Education
Dainana Joshikai Houkou, volume 1
By Tsubana
2009’s Volume 1 of Dainana Joshikai Houkou collects the first twelve chapters of Tsubana’s hard(ish) SF slice-of life-manga.
High school pals Takagi and Kanemura live perfectly normal lives in the utterly mundane Japan. Well, Japan of Sometime Next Week.
Japan of just barely tomorrow provides its inhabitants with a diverse array of cutting-edge technology intended to make lives better … well, at least different. The easily swayed Takagi rarely encounters an innovation that she isn’t willing to adopt without stopping to consider possible consequences. It falls to sensible Kanemura, whom a test has assigned as BFF to Takagi, to retrieve her chum whenever she flounders. Which is often. Food flavoured gum turns out to have no nutrient value; dead friends preserved in cyberspace prove reluctant to return CDs [1]; and sleep-inducing devices do not always work as described.

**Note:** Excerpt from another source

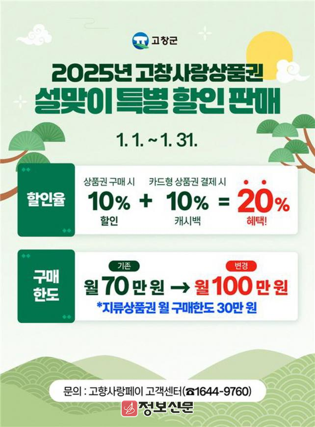 또한 지출 수요가 많은 설 명절을 앞두고 구매한도를 기존 70만원에서 100만원까지 상향하여 군민들의 부담을 덜고 지역 상권에 활력을 불어넣는다. 다만, 지류형 상품권은 1인당 30만원으로 구매한도를 줄여 건전한 유통질서를 만들어나갈 계획이다.

If that were not enough, future Japan has a bountiful supply of diverting events, from time travellers to horrifying kaiju.

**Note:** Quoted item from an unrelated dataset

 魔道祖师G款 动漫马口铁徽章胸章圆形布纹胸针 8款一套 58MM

The girls take it all in stride. These things are simply a natural part of living in Japan… of tomorrow!
~oOo~
Takagi may not be bright… she may well be the opposite of bright… but she has one skill that keeps her alive: guilting long-suffering Kanemura into having her back. Kanemura is far too soft hearted to drop Takagi, who would naturally revert to the ignored outsider that she was before the school assigned the pair to each other as friends.
Aside from the square-cube law issues presented by kaiju (which are probably the fault of those darned time travellers), Tsubana plays reasonably fair with the consequences of her new technology. Thus, the hard-sf appellation.
This is an enormously good-natured manga collection. In these twelve weird vignettes, nothing bad happens to either girl. (Their neighbours may not be as lucky, but we never see any bodies.) Tsubana seems to have written quite a number of these manga, so it’s a pity that there does not seem to be an authorized English language edition (at least one that I could find).
1: Not so much because the simulated dead are inconsiderate but because it’s quite challenging for someone who is software running on a mainframe somewhere to hand over a physical object.